When optimize same network several times, I met "RuntimeError: one of the variables needed for gradient computation has been modified by an inplace operation"

I met the error when run the code below. (The code actually does nothing but to reproduce the error.) The modules used when defining model come from github.

If the input of discriminator is detached, the error disappears. The error may result from update the parameter of encoder in the same iteration.

Can I update the encoder sereral times? If not, should I freeze the parameters of UNet when optimize discriminator?

# define model
class discriminator(nn.Module):
    def __init__(self, in_ch=1024) -> None:
        super().__init__()
        self.inc = (DoubleConv(in_ch, 64))
        self.e1 = Down(64, 128)
        self.out = nn.Conv2d(128, 1, 3, 2, 1)

    def forward(self, x):
        x = self.inc(x)
        x = self.e1(x)
        x = self.out(x)
        return x

class UNet(nn.Module):
    def __init__(self, n_channels, n_classes=2, bilinear=False):
        super(UNet, self).__init__()
        self.n_channels = n_channels
        self.n_classes = n_classes
        self.bilinear = bilinear

        self.inc = (DoubleConv(n_channels, 64))
        self.down1 = (Down(64, 128))
        self.down2 = (Down(128, 256))
        self.down3 = (Down(256, 512))
        factor = 2 if bilinear else 1
        self.down4 = (Down(512, 1024 // factor))
        self.up1 = (Up(1024, 512 // factor, bilinear))
        self.up2 = (Up(512, 256 // factor, bilinear))
        self.up3 = (Up(256, 128 // factor, bilinear))
        self.up4 = (Up(128, 64, bilinear))
        self.outc = (OutConv(64, n_classes))
        self.encoder = nn.Sequential(self.inc, self.down1, self.down2, self.down3, self.down4)

    def forward(self, x):
        x1 = self.inc(x)
        x2 = self.down1(x1)
        x3 = self.down2(x2)
        x4 = self.down3(x3)
        x5 = self.down4(x4)
        x = self.up1(x5, x4)
        x = self.up2(x, x3)
        x = self.up3(x, x2)
        x = self.up4(x, x1)
        logits = self.outc(x)
        return {'logits': logits, 'mid': x5}

# run
def main():
    model = UNet(1).cuda()
    D1 = discriminator().cuda()
    D2 = discriminator().cuda()
    optM = optim.Adam(model.parameters(), lr=1e-3)
    optD1 = optim.Adam(list(D1.parameters()) + list(model.encoder.parameters()), lr=1e-3)
    optD2 = optim.Adam(list(D2.parameters()) + list(model.encoder.parameters()), lr=1e-3)

    for i in range(10):
        print("epoch: ", i)
        image = torch.randn(4, 1, 256, 256).cuda()
        out = model(image)

        f = out['mid']
        # detached "f" works.
        # d1 = D1(f.detach() * 0.99)
        # d2 = D2(f.detach() * 1.01)
        d1 = D1(f * 0.99)
        d2 = D2(f * 1.01)
        pred = nn.Softmax(1)(out['logits'])
        loss = -torch.log(pred).mean()
        ld = torch.abs(d1 - d2).mean()
        
        optM.zero_grad()
        optD1.zero_grad()
        optD2.zero_grad()

        loss.backward(retain_graph=True)
        optM.step()

        ld.backward(retain_graph=True) # error here
        optD1.step()
        optD2.step()

    return

Using retain_graph=True often creates these errors and is usually not needed.
Could you explain why you are setting this argument to True?

When retain_graph=False, the error below appear:
“RuntimeError: Trying to backward through the graph a second time (or directly access saved tensors after they have already been freed).

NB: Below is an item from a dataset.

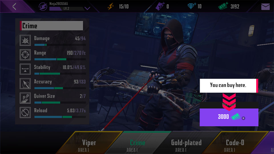 1、武器系统不仅包括传统的忍者工具,如弓箭、双管弩和投掷刀,还支持自定义箭的特效和飞行路径。

Saved intermediate values of the graph are freed when you call .backward() or autograd.grad(). Specify retain_graph=True if you need to backward through the graph a second time or if you need to access saved tensors after calling backward.”

I have solved the error to some extent:

If both backward() functions executed before step(), the error disappear.

I wonder whether I can step() before backward() and the code can run.

        loss.backward(retain_graph=True)
        ld.backward(retain_graph=True)
        
        optM.step()
        optD1.step()
        optD2.step()

You won’t be able to update the parameters via optM.step() since it would also update the shared parameters used to calculate mid and would invalidate the stored intermediate forward activations which are needed to compute the gradients of all parameters from ld.backward().

Thanks for your reply.
Get it.